Страница 3 из 3
― Лот, поцелуй меня… на прощанье… Кажется, мы больше никогда…
В комнате все словно затаилось. Тишина.
― Уже ушел…
Осторожный скрип половиц возле кровати. Странный, чуть скулящий звук… Будто собака растерялась перед дверью, за которой спрятался хозяин…
― Лот, ты здесь? Не надо, не молчи, прошу! Ну, подойди же ты ко мне! Ведь я все… понимаю, вижу! Я должна тебе сказать…
Молчание. И долго—долго ― тишина.
― Нет, все—таки ушел… Наверно, показалось…
И еще день миновал.
Возникнув по обыкновенью ниоткуда, он туда же и ушел, не взяв с собою ничего. Ничего… Земля сделала свой оборот, и день отлетел в ничто, словно сброшенный ею листок. А впереди не осталось ни единого дня. Впереди тоже была пустота…
Ничто не помогло. Агония началась внезапно. И, прежде чем успели предпринять что—либо, все уже было кончено. Она умерла, так и не дождавшись осени, хоть и печальной, но волшебно—золотой…
В комнате ― суета. Люди в белых халатах снуют по помещению и лишь время от времени ― то ли с сожалением, то ли с досадой ― бросают взгляды на кровать, непривычно высокую и похожую скорее на операционный стол.

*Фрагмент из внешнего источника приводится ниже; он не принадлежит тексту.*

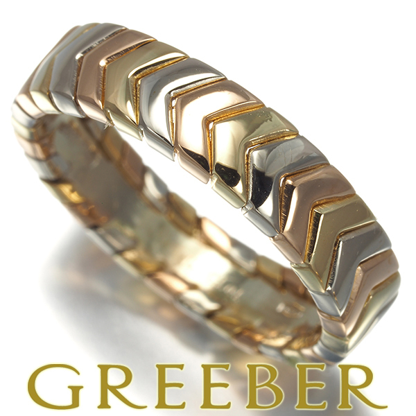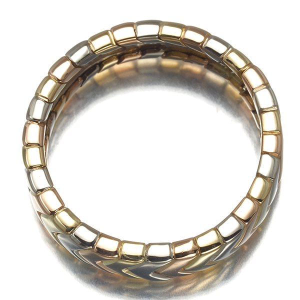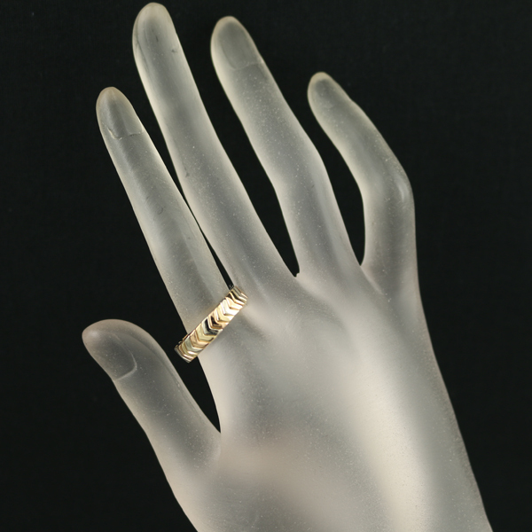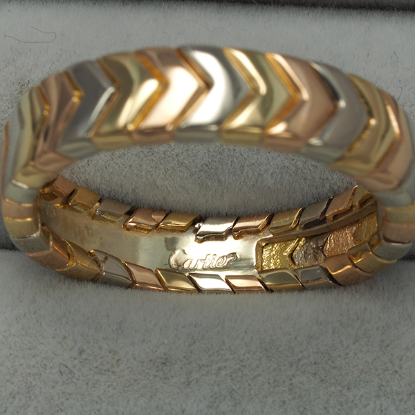 エタニティにデザインされたスリーゴールドの優雅な輝きが指元を包むカルティエのリングですよ。 |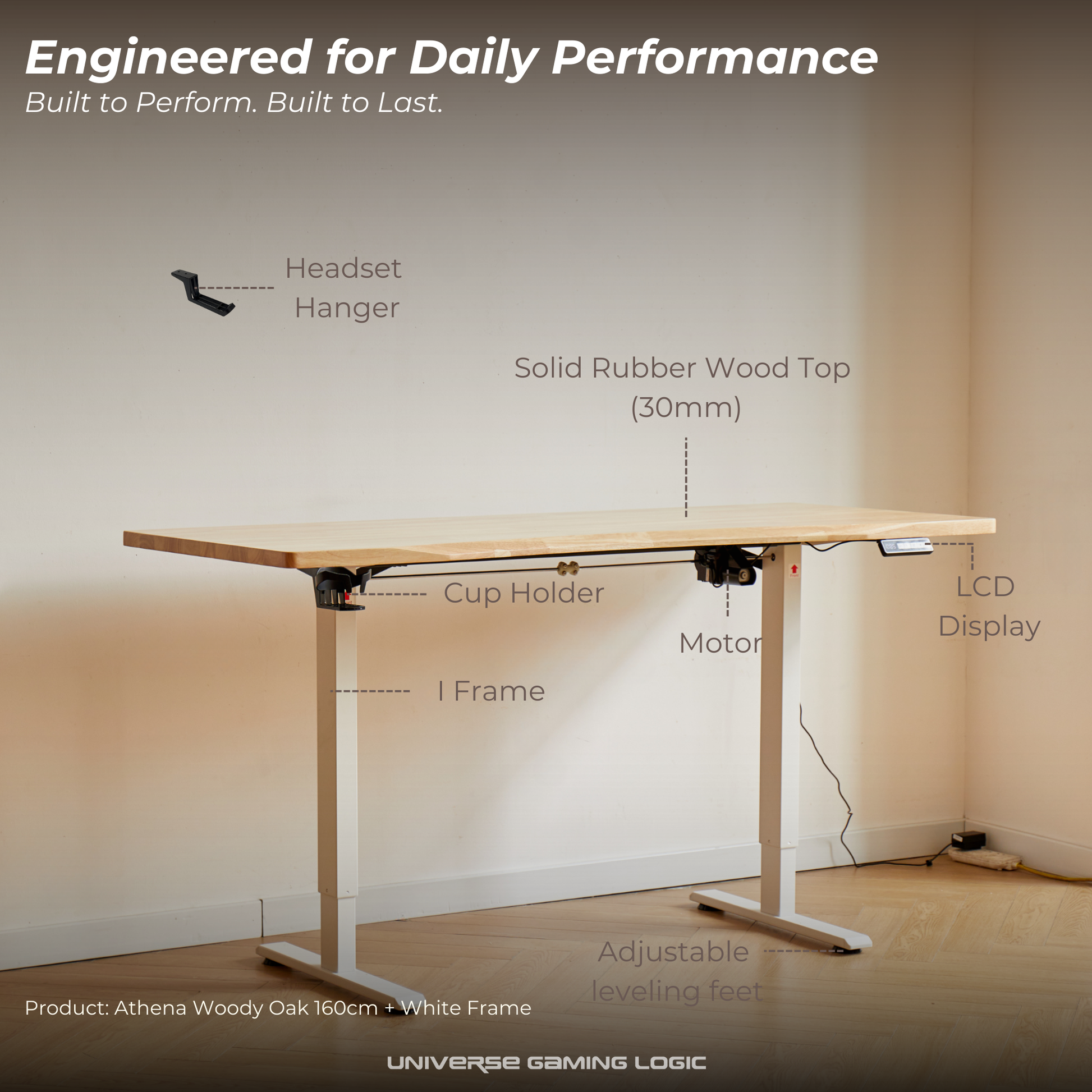 Experience the perfect combination of functionality, style, and durability with our Athena Woody Standing Desk—the ultimate choice for professionals and creatives. This is the first solid wood standing desk introduced to our collection after three years of customer requests, crafted to meet your needs for quality, comfort, and elegance.
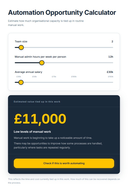 By making routine work more visible and giving it a sense of scale, it becomes easier to identify processes worth examining, prioritise where effort should go, and approach change as a way to reduce unnecessary work rather than replace people.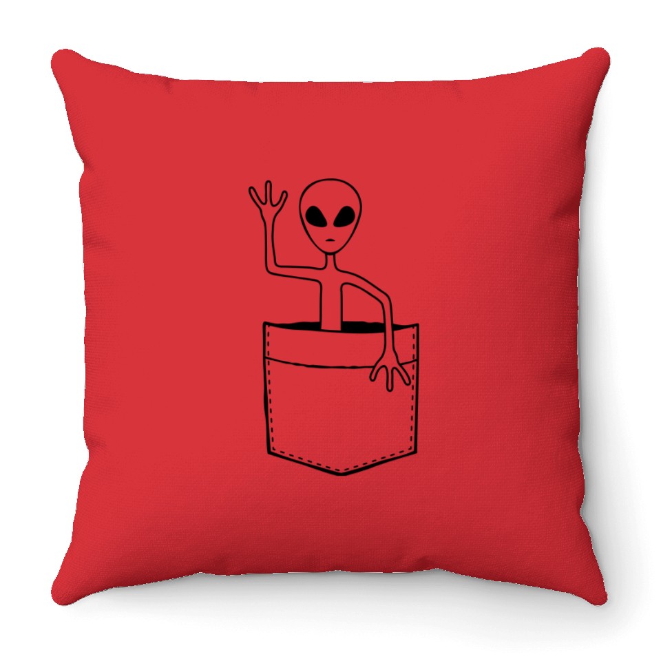 The product unique design you searched for is Bag Alien Waving Friendly Throw Pillows For Cover Only Red belong theme Throw Pillows at Printblur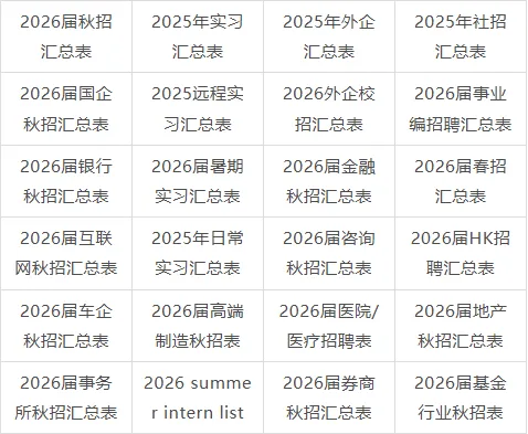 2:我们会定期整理汇总表,分时间:春招/秋招网申汇总表、寒暑假实习信息汇总表、远程实习信息汇总表等...分行业:国企央企汇总表/金融/咨询/互联网/事务所/快消岗位汇总表/国家部委招聘信息等等,每周第一时间分享到VIP会员群!部分展示示如下👇

На кровати лежит мертвая обезьяна.
Опыт не удался. Искусственно выращенный и заполненный всевозможной информацией мозг был помещен в черепную коробку шимпанзе, но так и не сумел прижиться там. Ученые чего—то, как бывает, не учли ― либо природа и на этот раз взяла свое ― и человечий мозг, точно птенец, выпавший из родного гнезда, оказался неприспособленным к дальнейшему существованию. Созданный по воле других, он не нашел в себе сил проявить собственную волю, чтобы выжить в этом чересчур условном для него реальном мире.
Или же не захотел…
Вот и осень пришла. Она явилась к людям незаметно, будто крадучись, словно опасаясь, как бы не погнали ее прочь ― незваную дождливую предвестницу зимы. Шаг за шагом осень плотно утоптала землю, обложила ее бурыми от влаги листьями, и лето, наконец, признало себя побежденным.
Как всегда…
Под зданием института есть огромный подвал. В нем пусто и темно. Старинный, брошенный подвал, где уж давным—давно никто не появлялся… Толстые стены гасят все посторонние звуки, и в подземелье царит непроницаемая тишина. Кажется, время остановило свой бег, жизнь замерла, и все тревоги и невзгоды, все, какие существуют на земле, уменьшились, сократились до ничтожно малого размера и слились в точку, вовсе неприметную, подобно тому месту на дне старинного заросшего пруда, куда забросил кто—то, озоруя, крошечный обломок камня.
Время покрылось плесенью, слежалось, никем не тревожимое, и, могло показаться, будет таким же через час, и через день, и через многие—многие годы…
Среди темноты ― в дальнем углу ― стоит большой пыльный ящик на колесах. Это ― целевой компьютер, безнадежно устаревший и теперь никому, по существу, не нужный. Списали, как положено, однако разрушать не стали. Просто отвезли в подвал ― и позабыли…
Тут он и остался, издали, будь хоть немного посветлей, похожий на уродливую мышь, боязливо жмущуюся к стенке и все ждущую чего—то…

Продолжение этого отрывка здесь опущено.